TERMS SHEET UNCOMMITTED and ON DEMAND OVERDRAFT FACILITY AGREEMENT
Exhibit (h)(xi)
TERMS SHEET
UNCOMMITTED and ON DEMAND
The TRUST has requested and THE NORTHERN TRUST COMPANY acting in its capacity as overdraft provider (the “BANK”) has agreed to make available to the TRUST, on behalf of the accounts, series or portfolios of the TRUST which are set out in Schedule A of this Terms Sheet from time to time (each such account, series or portfolio, a “BORROWER” and together the “BORROWERS”) an overdraft facility on the basis of the terms and conditions specified in this terms sheet (the “Terms Sheet”) and the Terms and Conditions (as defined below) (together, the “Agreement”). The term “Borrower” shall be construed so as to include a reference to each account, series or portfolio, as applicable. Unless the context otherwise requires the terms “Trust” shall be construed as the Trust acting solely in respect of a Borrower.

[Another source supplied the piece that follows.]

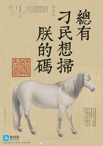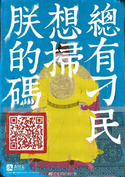最近,支付宝在台湾推出的系列收钱码迅速吸引了一波关注:“总有刁民想扫朕的码”“奉旨收钱”加上有设计感的刻版字体、皇上、工笔画和印章式的二维码,看上去十分宫廷风。而它出现的场景也十分应景,从桃园机场到101大厦,甚至还有台北故宫的文创商店。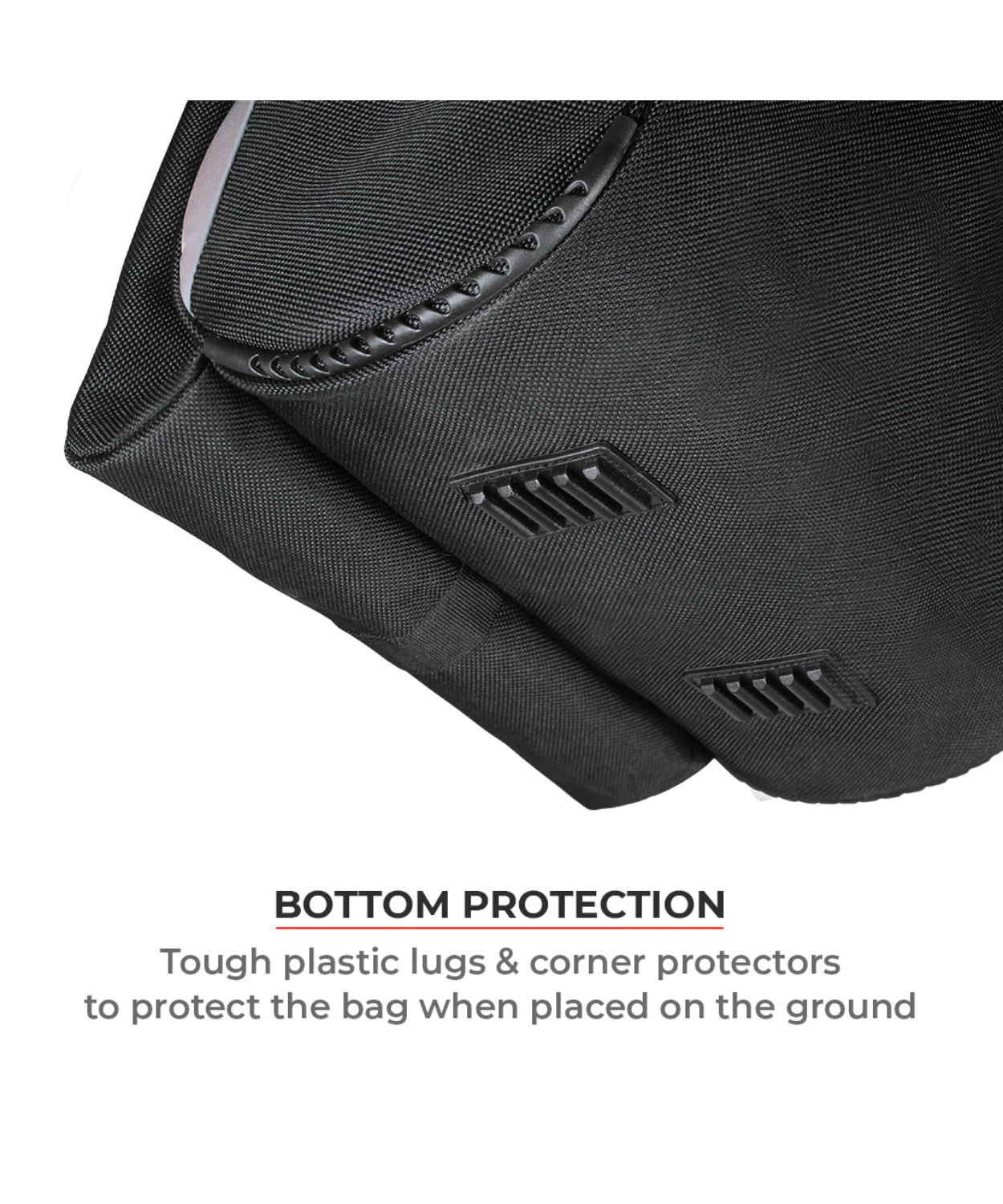 Abrasion protection: Bottom bumpers secured to the bottom to protect the bag fabric from abrasion when placed on the ground

This Agreement has been executed by the parties hereto on _10_ March, 2021 (the “Effective Date”) to signify their agreement to the terms and conditions set out in this Terms Sheet (including Schedules) and also the “Terms and Conditions for Uncommitted and on Demand Overdraft” attached hereto (the “Terms and Conditions”).
In the event of conflict between the Terms Sheet and the Terms and Conditions the Terms Sheet shall prevail.

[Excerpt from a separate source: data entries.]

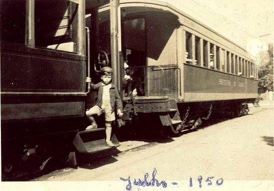 verifica na lateral do carro de passageiros. A foto mostra um dos carros sem lanternin, em operação, e mostra Cláudio Zucchini, primo do pesquisador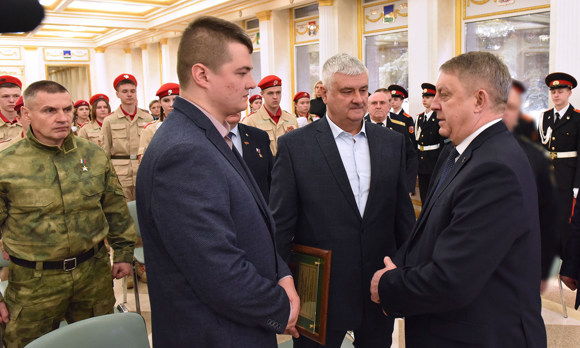 По поручению Президента России, Верховного главнокомандующего Владимира Владимировича Путина Губернатор Александр Богомаз передал награду отцу Героя Андрею Валерьевичу.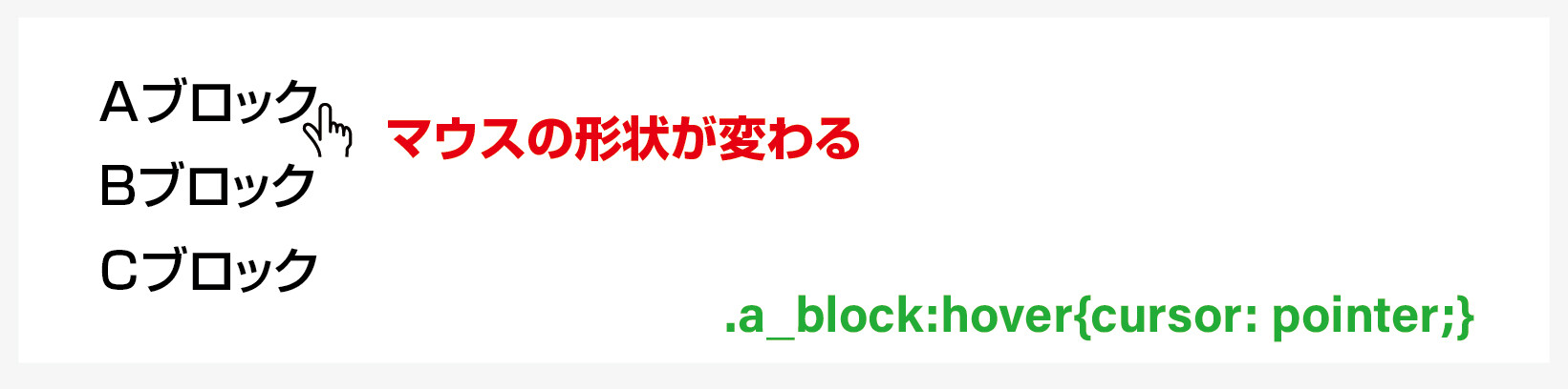 意味 / a_blockクラスの要素の上にカーソルをのせた時、カーソルがポインター(指差し)に変わります。

Capitalised terms not defined in this Terms Sheet shall have the same meanings given to such terms in the Terms and Conditions. Any reference to “Clause” refers to a Clause in the Terms and Conditions.
Any reference to “Bank” or “Custodian” in the Agreement shall be construed so as to include its successors in title, permitted assigns and permitted transferees.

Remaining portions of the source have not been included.